Tuesday, September 7, 2010

"Renewed" Spark

Recently, my husband went away on a business trip.  He was gone for 2 weeks, but I'm fairly used to him being gone for a time because since he has started working for his current company (almost 2 years ago) he has been on several trips.  Before this position, he was in the USNavy and was deployed for months at a time, so like I said I am used to it being part of our life.  However, usually, when he is gone it takes me several days to get used to sleeping by myself in the bed and up to a week to get used to a routine w/o him home.  This time while he was gone I was so at peace - I didn't have any trouble sleeping and things just seemed to fall into place.  I started to feel bad about it because I thought "how awful that I am doing so well w/o my husband."  Don't be mistaken because I did miss him, but things were not how they usually are when he is away - it was weird. 

Usually when my husband comes home from a deployment or business trip, I can't wait to pick him up because I am happy that he'll be here to help me - to watch our daughter and give me a break or to do whatever I feel stressed about at the time.  But, when my husband came home from this trip, I had butterflies in my stomach.  I was so excited to see him, kiss him and just to be near him!  I wasn't thinking about all the things I wanted him to do, I was just excited he was home.  It reminded me of the feelings I had when we were dating. 

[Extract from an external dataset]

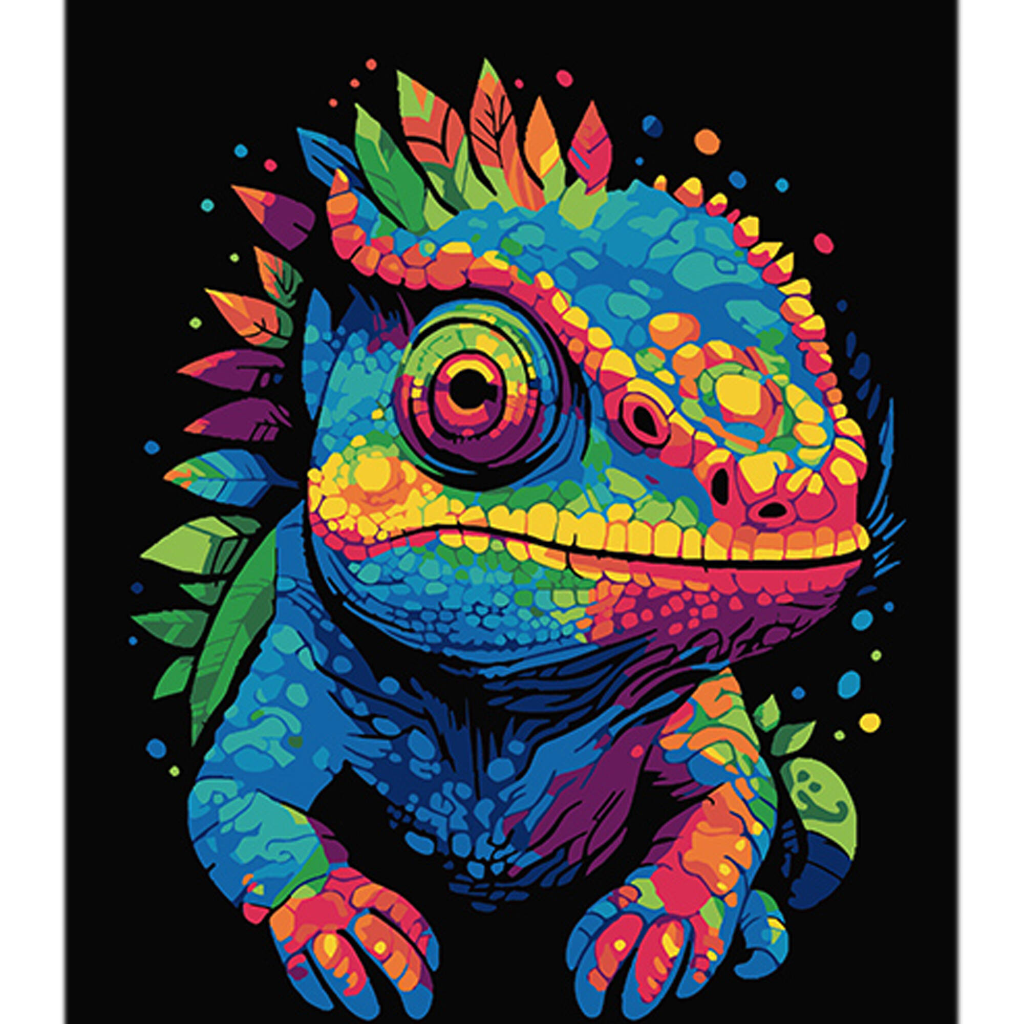 Картина за номерами Хамелеон і калейдоскоп кольорів на чорному фоні 40х50см, термопакет, ТМ Стратег, Україна

So, I thank God that HE gave me that peace while Mark was away and that HE allowed me to have this wonderful renewed spark of passion for my husband when he returned.  I continue to pray that God would show me ways to keep that spark alive in our marriage, and HE has already made me aware of my husband's love languages so I need to make a conscious effort to show him love in the way he receives it best.

Saturday, September 4, 2010

The Food Battle

For the most part, my husband and I agree on how to parent our daughter. We aren't against spanking in times of obvious defiance and we both want our daughter to have Christ-like characteristics where she cares about others and is friendly to all people. There is one area where we differ and it is when it comes to food. Of course, we want her to eat healthy, but my husband requires that she finish all her entree' before having anything else, even if it means giving her the same plate at the next meal. While I suggest that she be given the whole meal(fruit, veggie, entree') at once and she should eat most of it. I just do not see the point of forcing her to eat something she obviously doesn't like.


Now, I don't want to be disrespectful to my husband, so I try to only give my daughter what I know she likes and very small portions so she'll meet his expectations. Every once in a while, I make something new and not being sure whether she'll like it or not, I give it to her and she doesn't like it. I strongly dislike the battle between the 3 of us to get her to eat the food. He's looking at me to make her eat it, I'm feeding her like a baby (she's 2) to get her to eat it, and she's crying and upset because she doesn't want to eat it.




Does anybody have a compromise that will work in this situation?